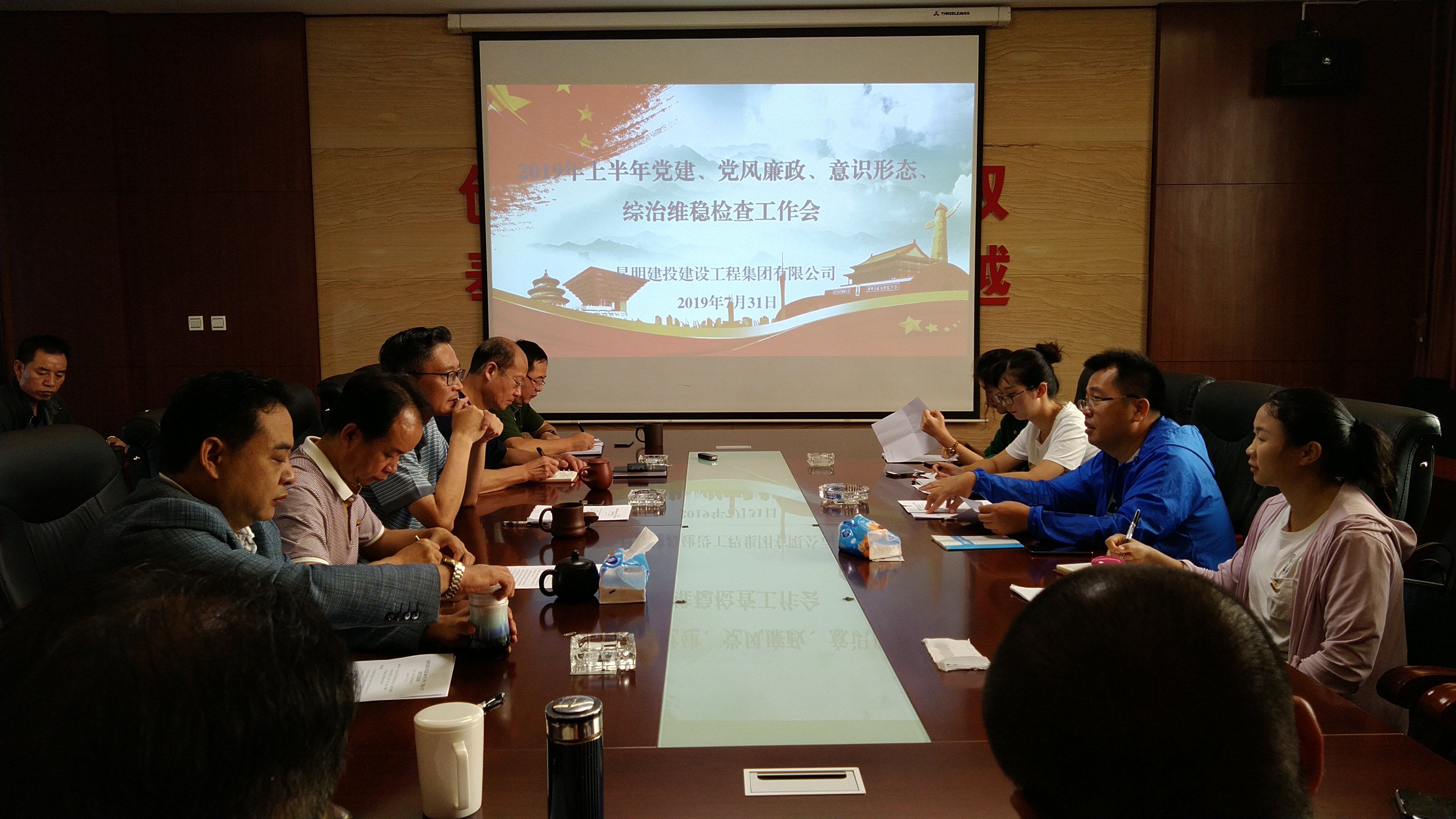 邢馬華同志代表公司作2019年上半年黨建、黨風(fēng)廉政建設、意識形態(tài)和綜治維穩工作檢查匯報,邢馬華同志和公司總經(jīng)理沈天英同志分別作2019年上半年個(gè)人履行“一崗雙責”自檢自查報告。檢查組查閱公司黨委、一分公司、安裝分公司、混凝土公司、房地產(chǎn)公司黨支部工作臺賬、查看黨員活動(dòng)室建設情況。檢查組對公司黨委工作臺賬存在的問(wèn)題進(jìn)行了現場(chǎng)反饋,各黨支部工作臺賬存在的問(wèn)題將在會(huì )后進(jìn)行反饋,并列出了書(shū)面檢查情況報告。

++++

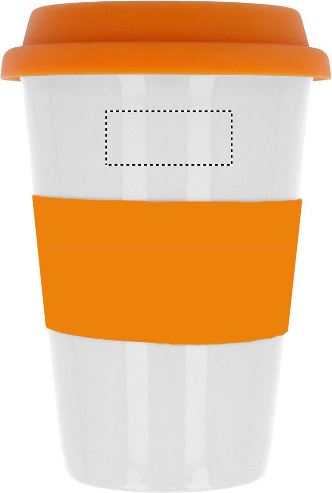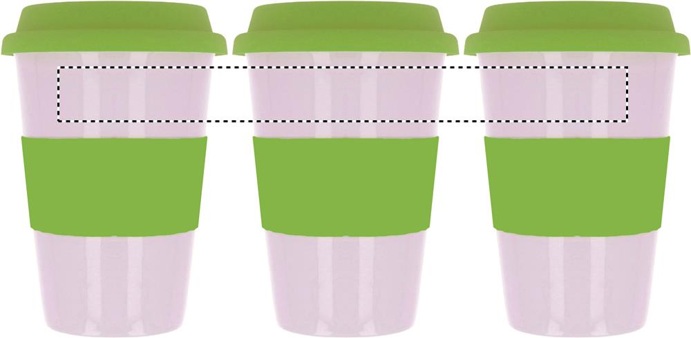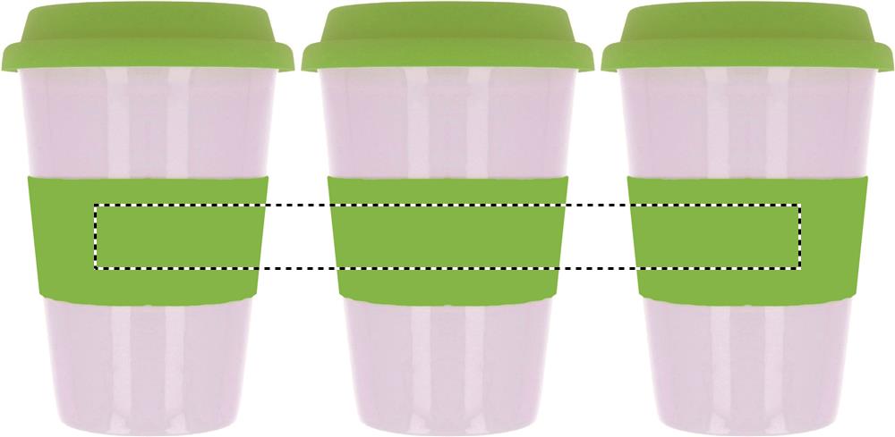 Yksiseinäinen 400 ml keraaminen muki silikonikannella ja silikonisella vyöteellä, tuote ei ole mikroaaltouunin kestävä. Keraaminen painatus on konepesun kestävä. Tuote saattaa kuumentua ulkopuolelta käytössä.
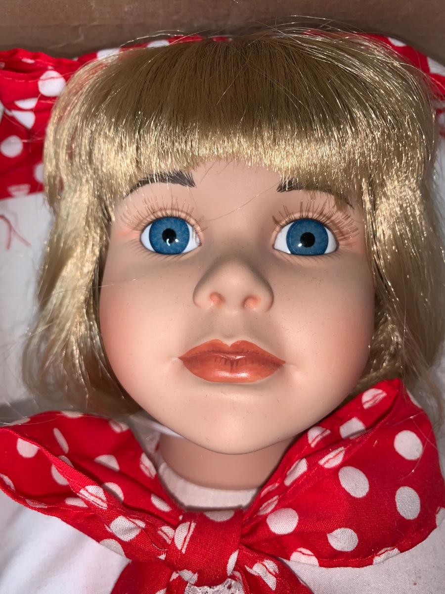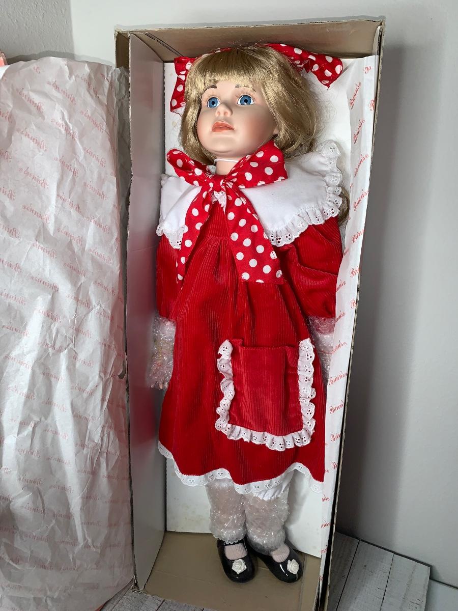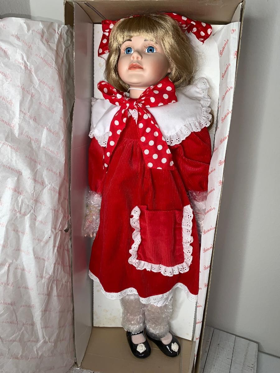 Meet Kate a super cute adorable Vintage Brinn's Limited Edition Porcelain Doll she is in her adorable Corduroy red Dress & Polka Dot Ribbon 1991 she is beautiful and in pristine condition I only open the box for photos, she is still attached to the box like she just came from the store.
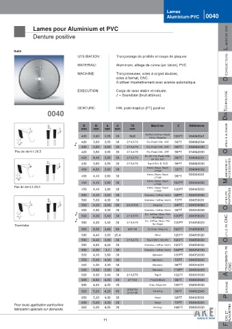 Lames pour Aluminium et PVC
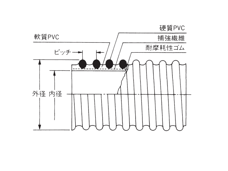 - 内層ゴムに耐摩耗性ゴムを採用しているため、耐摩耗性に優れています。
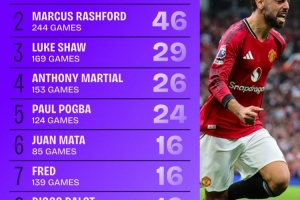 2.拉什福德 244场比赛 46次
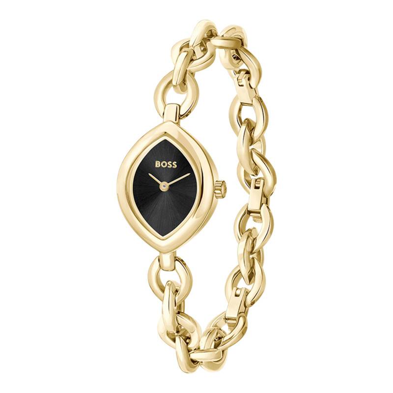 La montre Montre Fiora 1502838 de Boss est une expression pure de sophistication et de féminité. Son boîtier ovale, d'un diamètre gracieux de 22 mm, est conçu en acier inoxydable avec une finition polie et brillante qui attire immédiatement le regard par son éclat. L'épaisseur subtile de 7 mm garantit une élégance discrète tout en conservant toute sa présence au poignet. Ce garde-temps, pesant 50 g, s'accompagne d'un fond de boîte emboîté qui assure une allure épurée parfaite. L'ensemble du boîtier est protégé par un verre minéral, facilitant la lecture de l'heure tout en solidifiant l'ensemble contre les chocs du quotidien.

++++

PROBLEM STATEMENT: Repeat, word for word, the lines of the material above from the one holding "- 内層ゴムに耐摩耗性ゴムを採用しているため、耐摩耗性に優れています。" through the one holding "2.拉什福德 244场比赛 46次". Leave out pictures.

ANSWER TO THE EXERCISE:
 - 内層ゴムに耐摩耗性ゴムを採用しているため、耐摩耗性に優れています。
 2.拉什福德 244场比赛 46次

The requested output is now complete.